The copy you give must match the listing below exactly and contain no pictures.

*** Opening DATASET EXTRACT ***

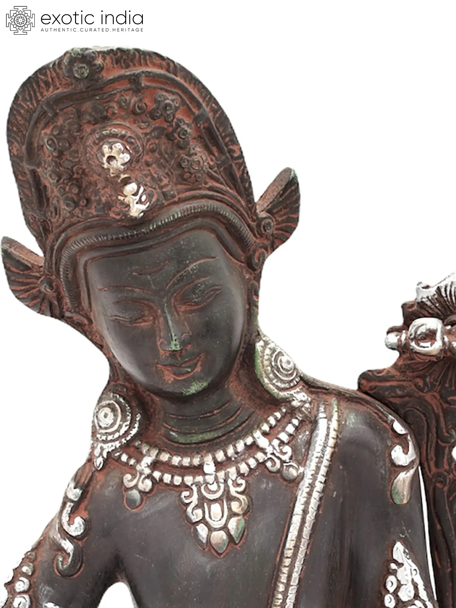 This exquisite brass statue captures Lord Indra, the king of the gods in Hindu mythology, in a moment of profound contemplation. Seated in a relaxed yet regal posture, his head is gently bowed, conveying a sense of deep thought or humility. The rich, dark patina of the brass is accentuated by the intricate detailing and the subtle silver inlay work that adorns his elaborate headdress, necklaces, armbands, and anklets. Each element, from the delicate patterns on his garment to the serene expression on his face, speaks to the mastery of the artisan who brought this divine form to life.
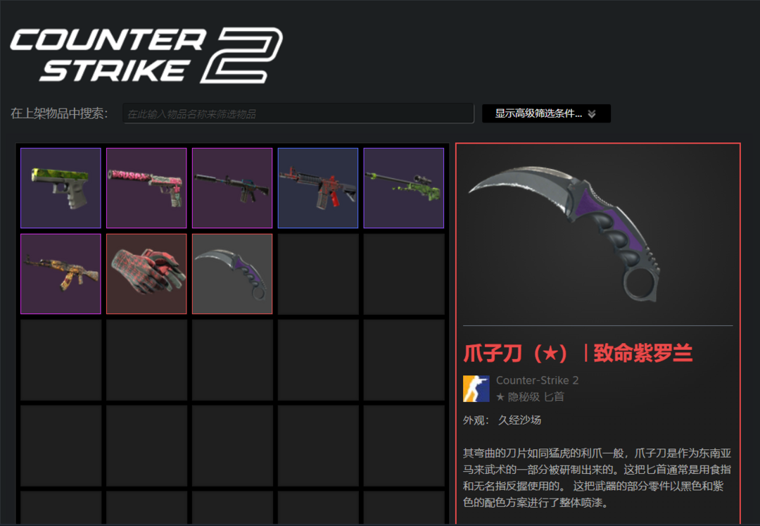 完美C+⭐爪子刀-致命紫罗兰⭐运动手套-猩红头巾⭐灼心怒焰AK⭐响尾蛇AWP⭐控制台M4A1
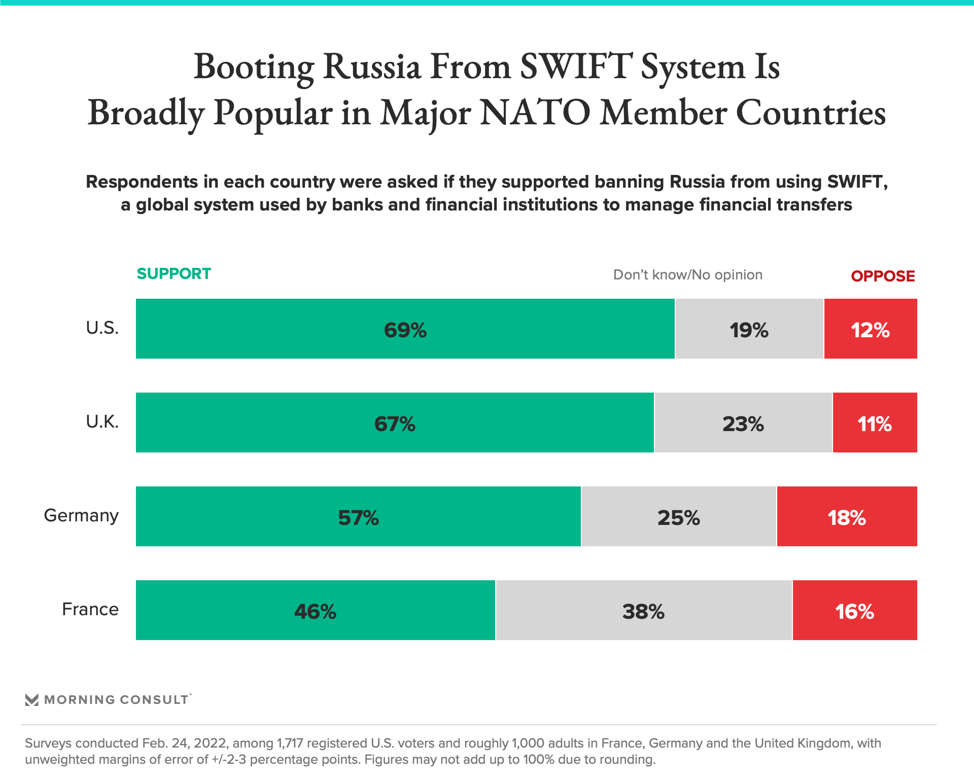 The West’s response to Russia’s invasion of Ukraine does not yet include one of the most biting provisions brought up over the preceding weeks: the expulsion of Russia from the SWIFT banking system that facilitates global trade and financial flows. Armed with a Kalashnikov carbine, former Ukrainian President Petro Poroshenko on Friday said Russian President Vladimir Putin had “declared a war to the whole world" by invading Ukraine and issued a plea for the West to cut Russia out of the world financial system in response. Clear majorities in the United States, United Kingdom and Germany say they now support such a move, as do nearly half of the French.

*** Closing DATASET EXTRACT ***

-- TASK RESPONSE --
 This exquisite brass statue captures Lord Indra, the king of the gods in Hindu mythology, in a moment of profound contemplation. Seated in a relaxed yet regal posture, his head is gently bowed, conveying a sense of deep thought or humility. The rich, dark patina of the brass is accentuated by the intricate detailing and the subtle silver inlay work that adorns his elaborate headdress, necklaces, armbands, and anklets. Each element, from the delicate patterns on his garment to the serene expression on his face, speaks to the mastery of the artisan who brought this divine form to life.
 完美C+⭐爪子刀-致命紫罗兰⭐运动手套-猩红头巾⭐灼心怒焰AK⭐响尾蛇AWP⭐控制台M4A1
 The West’s response to Russia’s invasion of Ukraine does not yet include one of the most biting provisions brought up over the preceding weeks: the expulsion of Russia from the SWIFT banking system that facilitates global trade and financial flows. Armed with a Kalashnikov carbine, former Ukrainian President Petro Poroshenko on Friday said Russian President Vladimir Putin had “declared a war to the whole world" by invading Ukraine and issued a plea for the West to cut Russia out of the world financial system in response. Clear majorities in the United States, United Kingdom and Germany say they now support such a move, as do nearly half of the French.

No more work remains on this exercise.